Removal from the investment process is nearly complete.

Investment advisors are being pushed out of the investment business. The trend started decades ago, and now with the advent of packaged investment products and their enthusiastic embrace by fund companies, individual investors, and even advisors themselves, the trend has perhaps reached its logical conclusion. Advisors have transitioned in both their own minds and in the public’s perception from being investment advisors to being relationship managers. Now, admittedly a huge number of activities occur under the financial planning umbrella, and advisors bring diverse talents to the table as they address a multitude of client needs. Still, the trend of curtailing the advisor role in the investment process is undeniable.
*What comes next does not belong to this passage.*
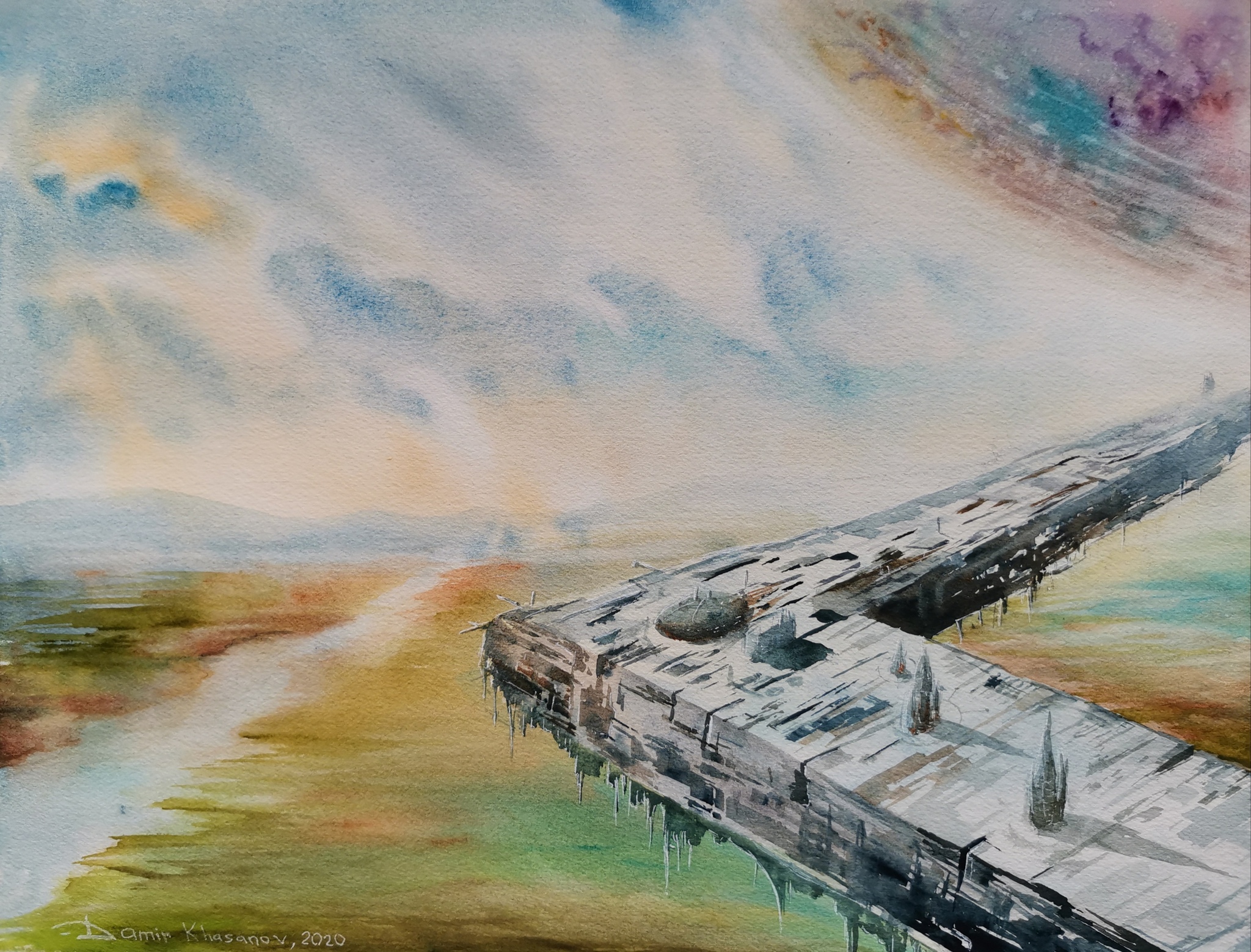 Рисовал пейзаж и тут появился он - Наблюдатель! Пейзаж сразу преобразился, появилась интрига... Или мне это только кажется?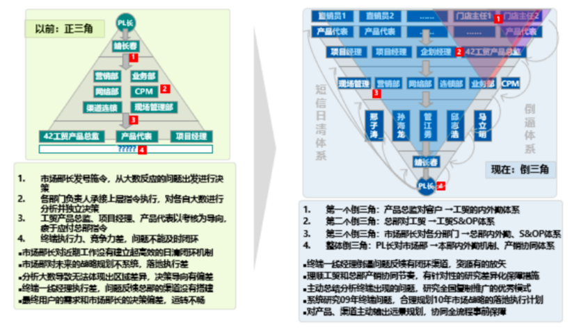 3、量化授权。推行倒三角必须面对经营权下放的问题,如何开展量化的经营授权,预防风险;

Decades ago, advisors often defined themselves as stock-pickers. Using either their own research or that of their parent brokerage firms, they would construct portfolios of blue-chip stocks and perhaps a few fliers for their clients. They would also ladder bond portfolios or pick a few municipal or utility bonds to add income to the portfolio. No scorecard of their success was kept, but the record was likely spotty. Eventually, the costs and limited diversification of these portfolios came to be seen as disadvantages, especially before deregulated stock trading commissions. Mutual funds presented themselves as a solution, and advisors shed their role as security selectors and adopted the new role of selectors and evaluators of fund managers.